The cycle doesn’t fully switch off when the behaviour stops. The neural pathways remain. This is why “relapse” is the right word — it’s a neurological reality, not a moral failure.


Why positive or nostalgic feelings specifically?

This is less studied than the urges themselves, but there are a few frameworks that explain it:

1. It worked Self-harm was effective at what it did — regulating overwhelming emotion, providing relief, creating a sense of control. Nostalgia for something that genuinely helped you survive a hard period makes psychological sense. It’s not irrational to miss a coping mechanism that worked, even if you recognise it was harmful.

2. Embodied memory Research describes self-harm as an embodied phenomenon — it’s not just psychological, it’s physical and sensory. The body remembers it. Nostalgia for physical experiences is well understood (the smell of something, a texture, a feeling). The body can miss physical states the same way it misses other sensory experiences.

3. Identity and adolescent context For many people, self-harm was tied to a specific period of their life and identity. Missing it can be entangled with missing that period, or the version of yourself that existed then — not necessarily missing the pain, but missing the context it lived in.

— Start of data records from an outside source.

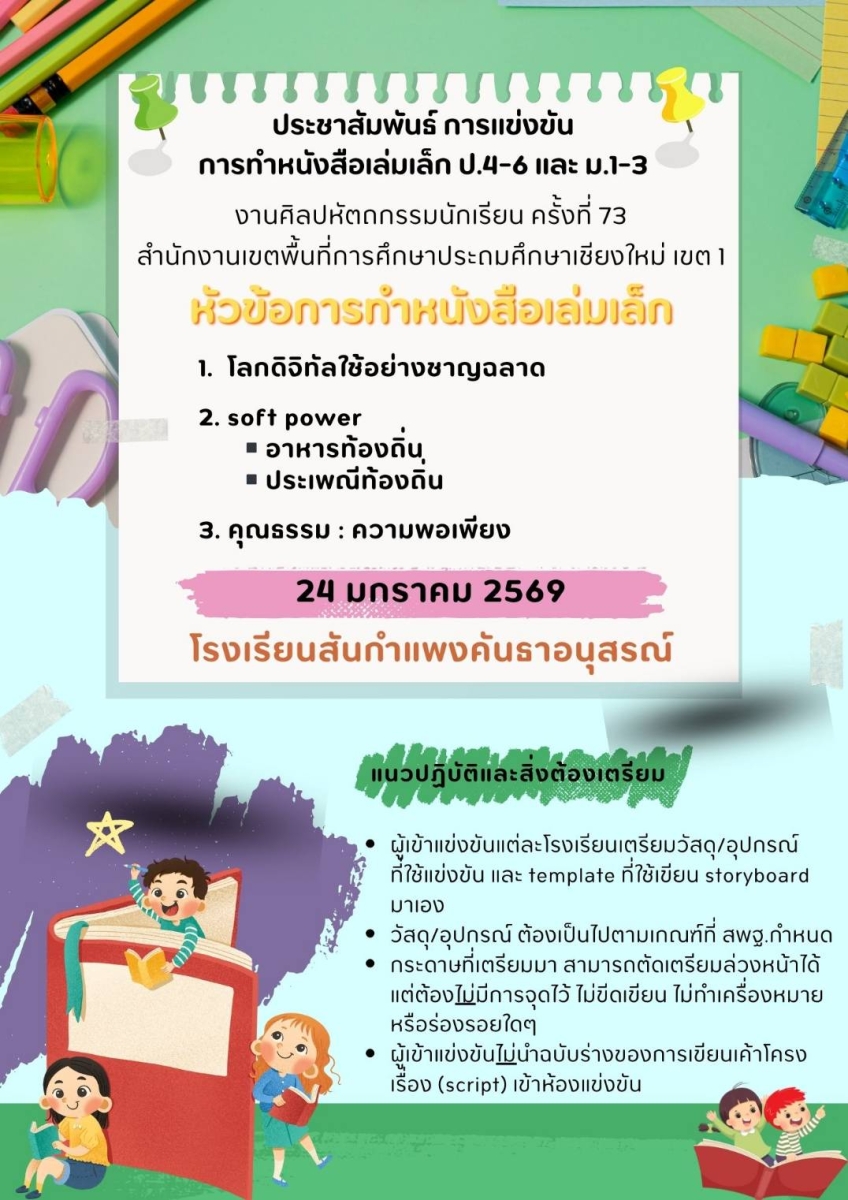 โครงงานคุณธรรม ทุกระดับชั้น ให้ส่งเล่ม ให้คณะกรรมการ ภายในวันที่ 22 มกราคม 2569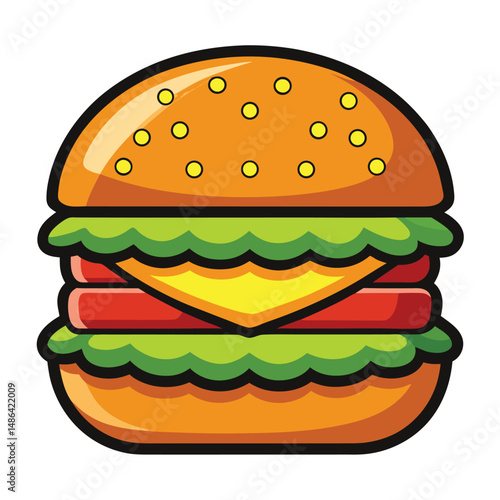 Cartoon Burger Buns with Sesame, Lettuce, Cheese, Tomato Layered and Stylized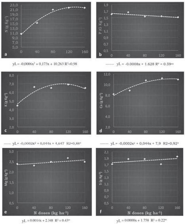 Figure 2: Effect of Nitrogen doses applied via fertirrigation on N (a), P (b), Κ (c), Ca (d), Mg (e) and S (f), contents of camu-camu leafs with 270 days after planting (DAP). 1.87 g.kg-1, respectively.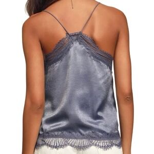 LULUS In the Mood Dusty Blue Satin Lace Cami Top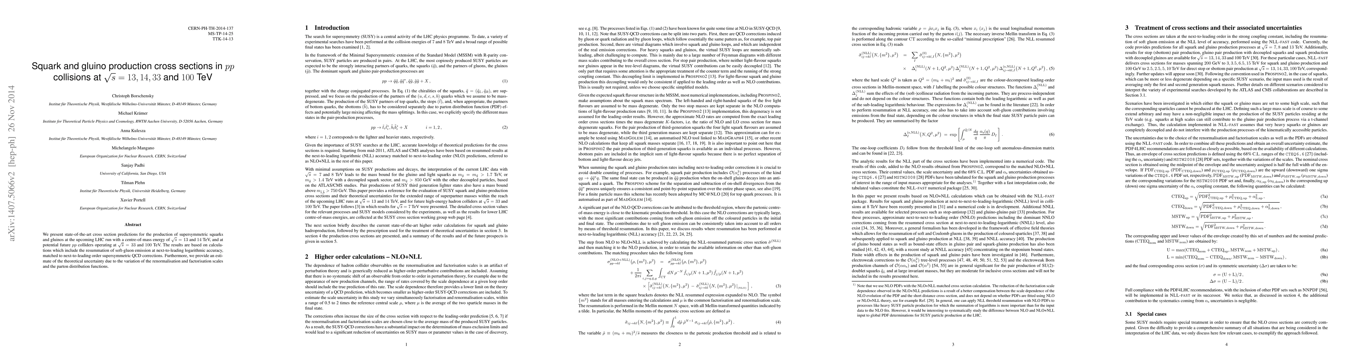 This research paper presents precise cross section predictions for producing supersymmetric squarks and gluinos in proton-proton collisions at various energy levels, including the upcoming LHC run and potential future colliders at 33 and 100 TeV. The calculations incorporate soft-gluon resummation to next-to-leading logarithmic accuracy, merged with next-to-leading order supersymmetric QCD corrections. The paper also estimates theoretical uncertainties from renormalization, factorization scale variations, and parton distribution functions.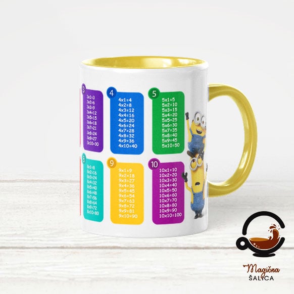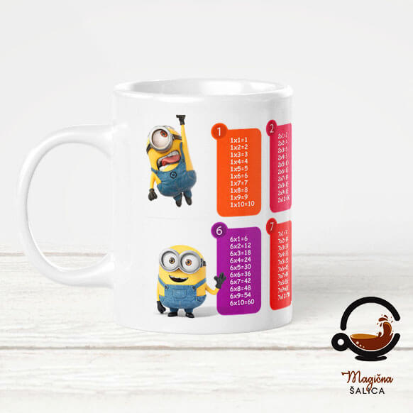 Šalica Minion tablica množenja na šalici zapremnine 3 dcl, s velikom ručkom sa strane, postat će najdraža šalica za ispijanje čaja, soka i svih ostalih tekućina koje tvoje dijete voli.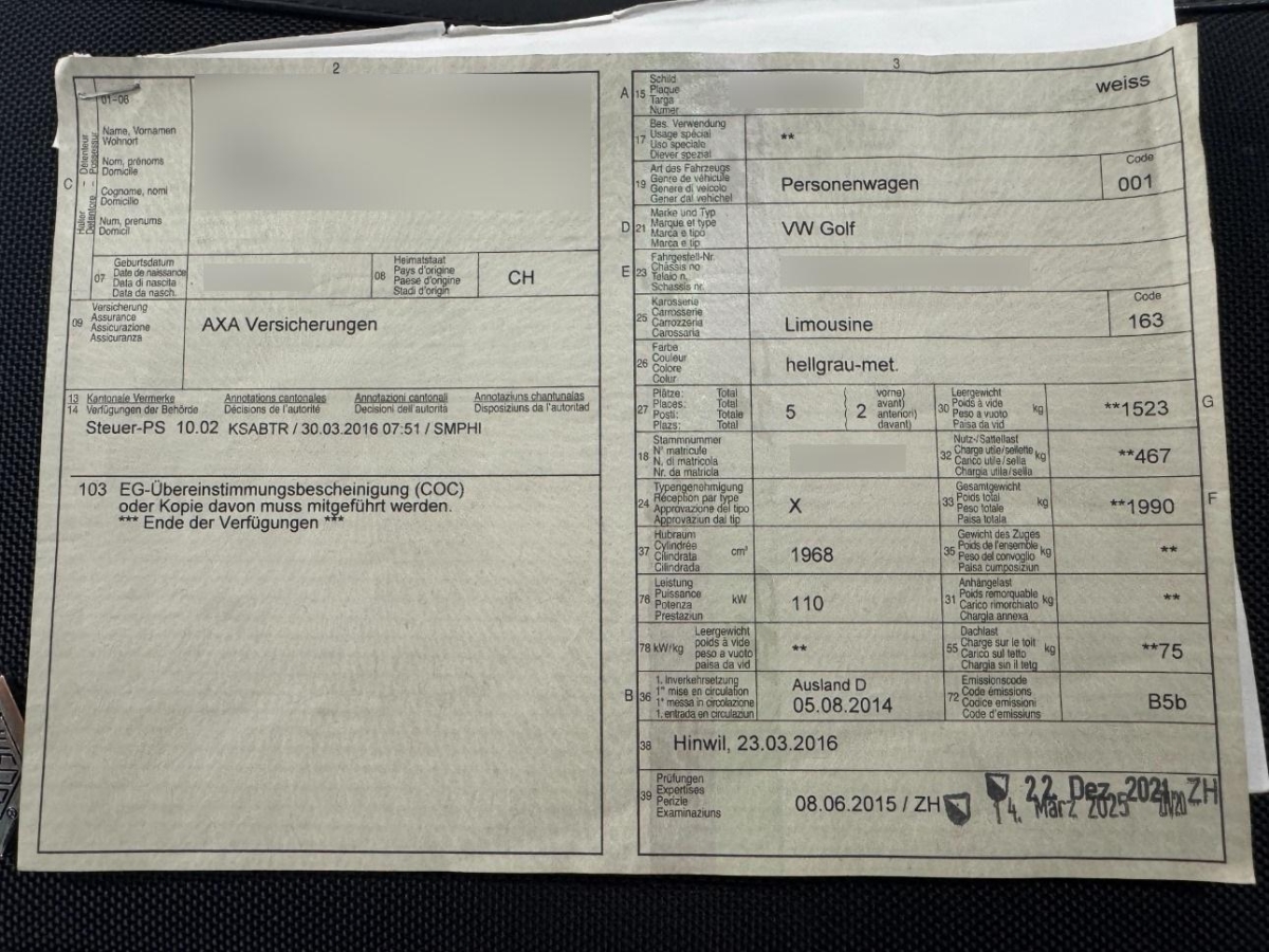 Die (vom Fahrzeugexperten) ermittelten Reparaturkosten beziehen sich auf das versicherte Ereignis. Allfällige zusätzliche, nicht versicherte Schäden/Vorschäden, sind in den Reparaturkosten nicht enthalten. Die deklarierten Ausstattungsmerkmale können von der effektiven Ausstattung abweichen.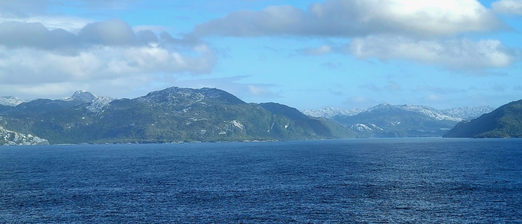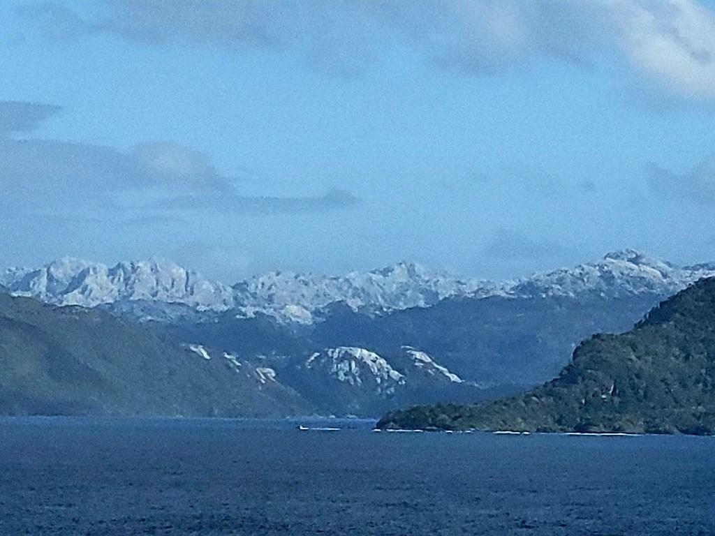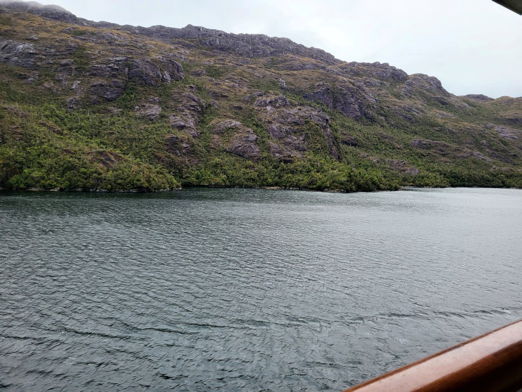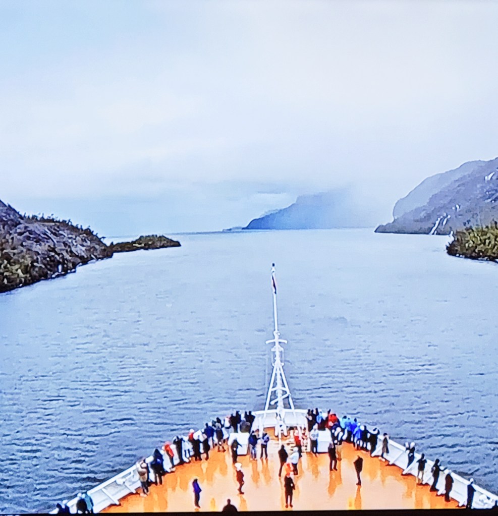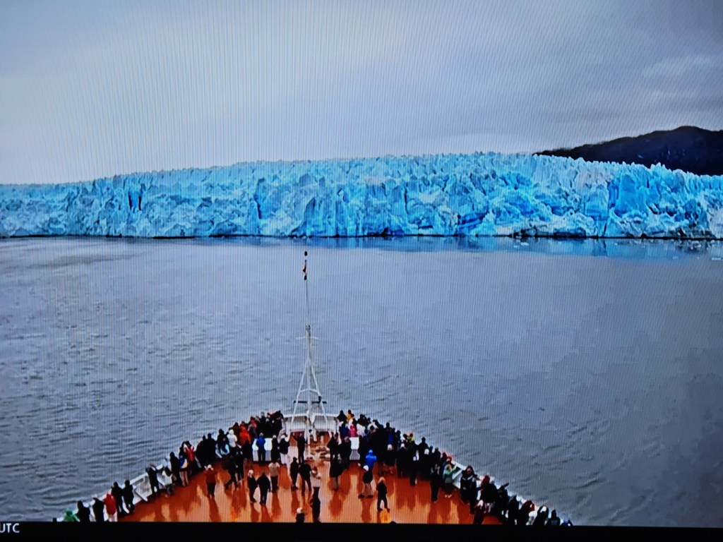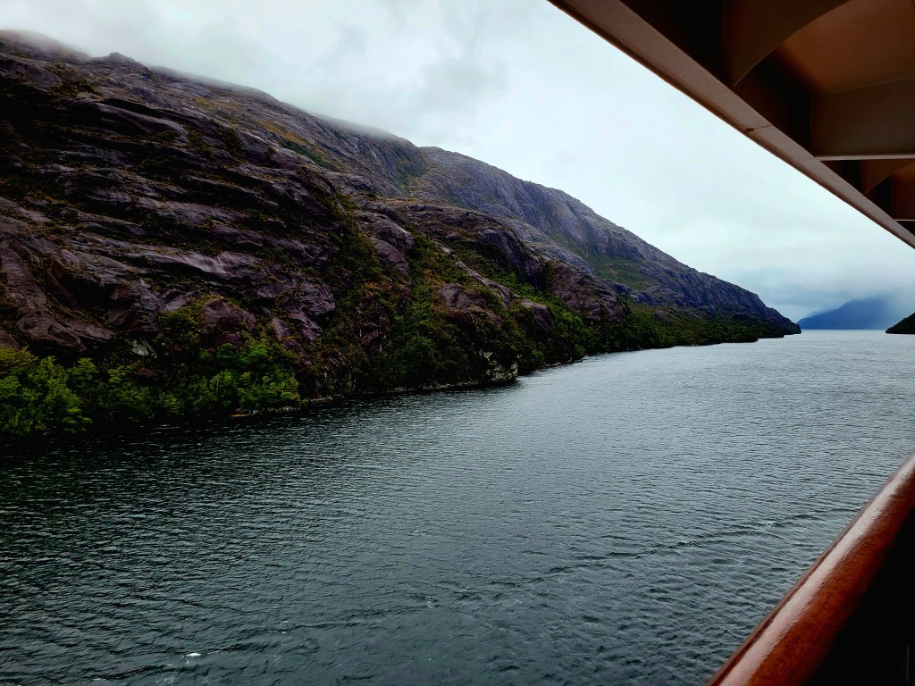 We were able to see all of it from the comfort of our room, with a pot of coffee. Can’t get any better than that. The bow was open for viewing, but still having a bit of a cold, our warm & dry room was a much better option. After an hour of viewing, our amazing Captain Kevin, sailed us through “the Abyss”. This route was added when he needed to cancel rounding the Horn. Turns out it definitely was to our benefit. It is the narrowest strip of water I’ve ever sailed in a large cruise ship.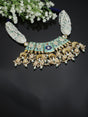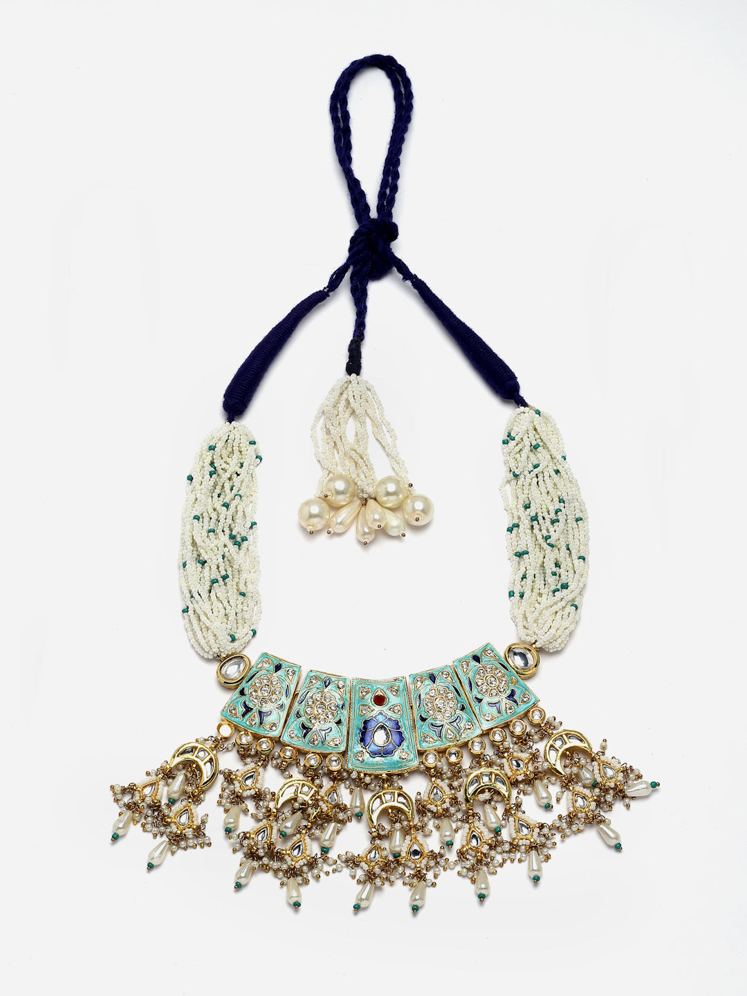 Blue And Cream Gold-Plated Kundan And Pearls Haar Necklace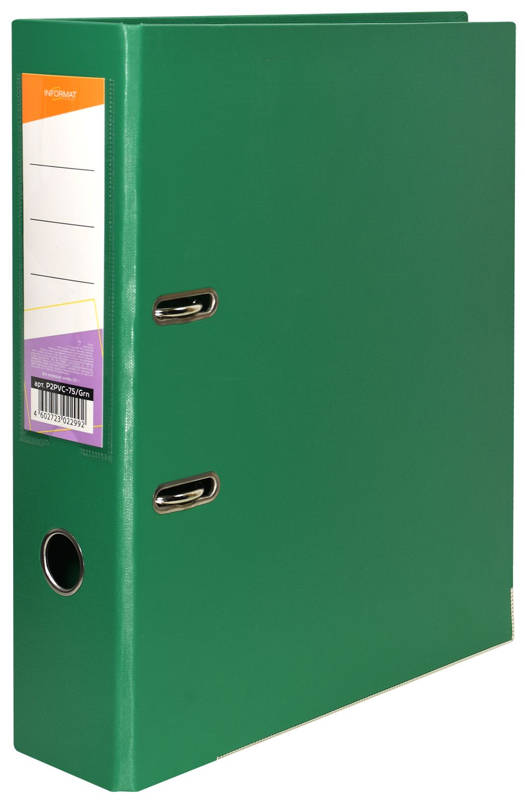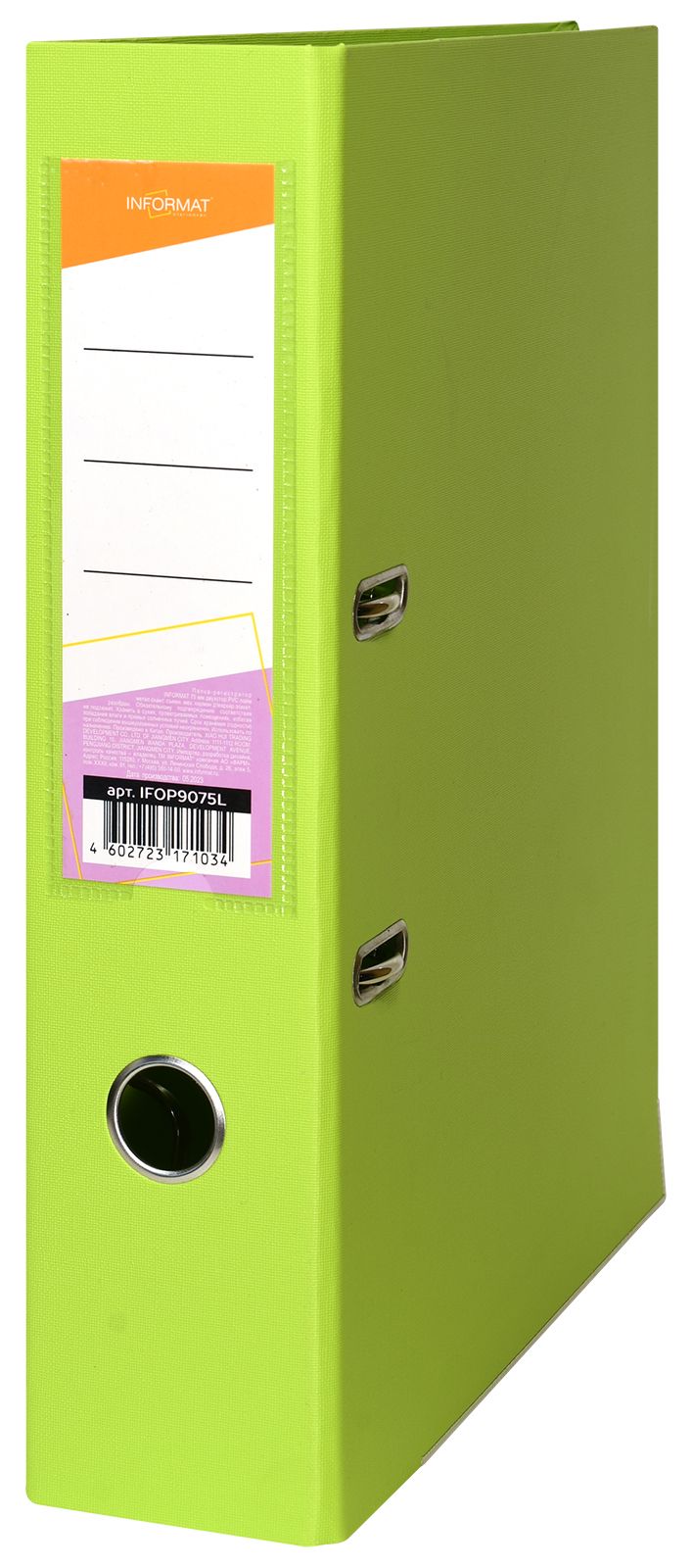 Формат: А4 Цвет: лайм Ширина, мм: 75 Материал: картон Вместимость листов: 480 Наличие металлической окантовки: Да Мин. партия и варианты упаковок: 1 / 50 Папка-регистратор INFORMAT 75 мм двухсторонний PVC, лайм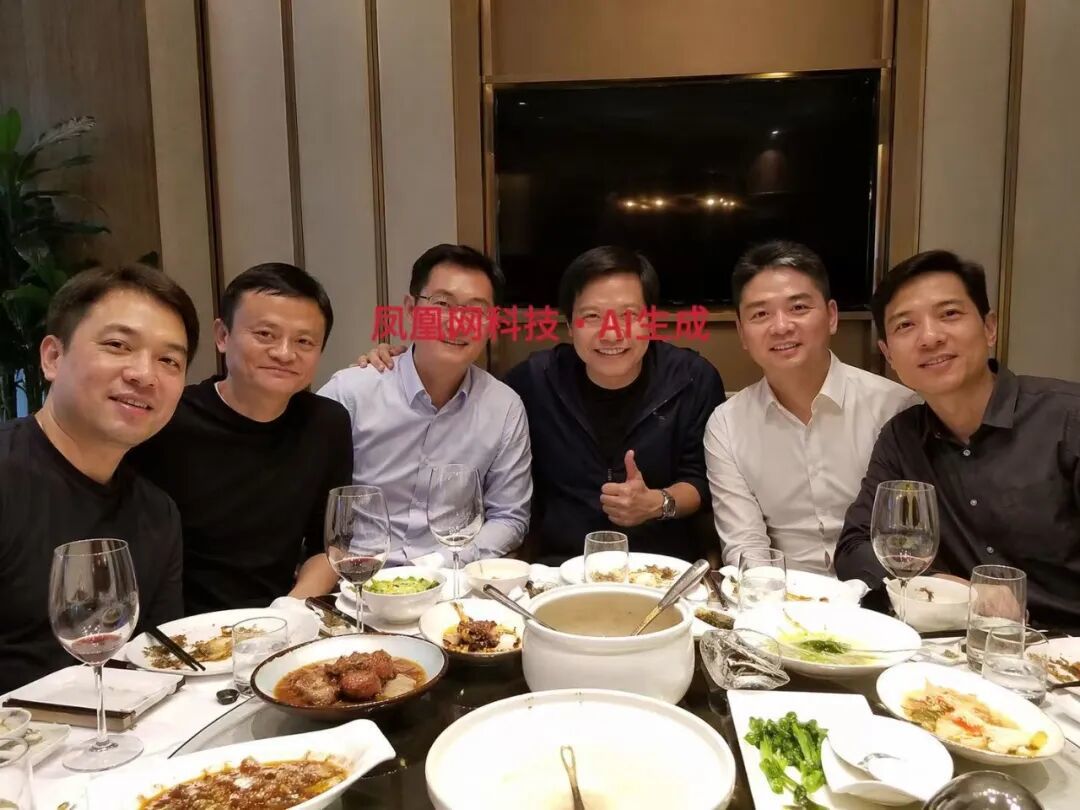 这里的提示词是:生成一张几个科技大佬线下团建吃饭的照片,要有正脸。
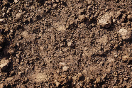 This image showcases a close-up view of rich brown soil, capturing texture and details that highlight natural components, making it ideal for agricultural or gardening themes.

4. The absence of an equivalent If the underlying emotional intensity that drove it in adolescence is still present but the outlet is gone and nothing has fully replaced it, the gap itself can produce longing. Less about missing the act and more about missing the relief it provided.


Is it weird?

No — it’s documented, named, and understood within recovery literature. The framing that recovery means the feelings disappear is wrong. The more accurate framing is that recovery means you don’t act on them, and ideally, they become less frequent or less charged over time. For many people they never fully go away. That’s not failure, it’s just what it is.


Sources

  • Claréus et al. (2021) — Narrations of agentic shifts and psychological growth in young adults reporting NSSI discontinuation. Lund University / NCBI.
  • Lewin et al. (2024) — How do people conceptualise self-harm recovery. Journal of Clinical Psychology.
  • PLOS One (2025) — Exploring the addictive processes in repetitive self-harm: “It always felt like a choice until it didn’t.”
  • Blasco-Fontecilla et al. (2016) — The Addictive Model of Self-Harming Behavior. Frontiers in Psychiatry.
  • Psychology Today (2022) — Is Self-Harm a Form of Addiction?
  • Nixon et al. (2002) — NSSI under an addictive paradigm, adapted DSM-IV criteria study.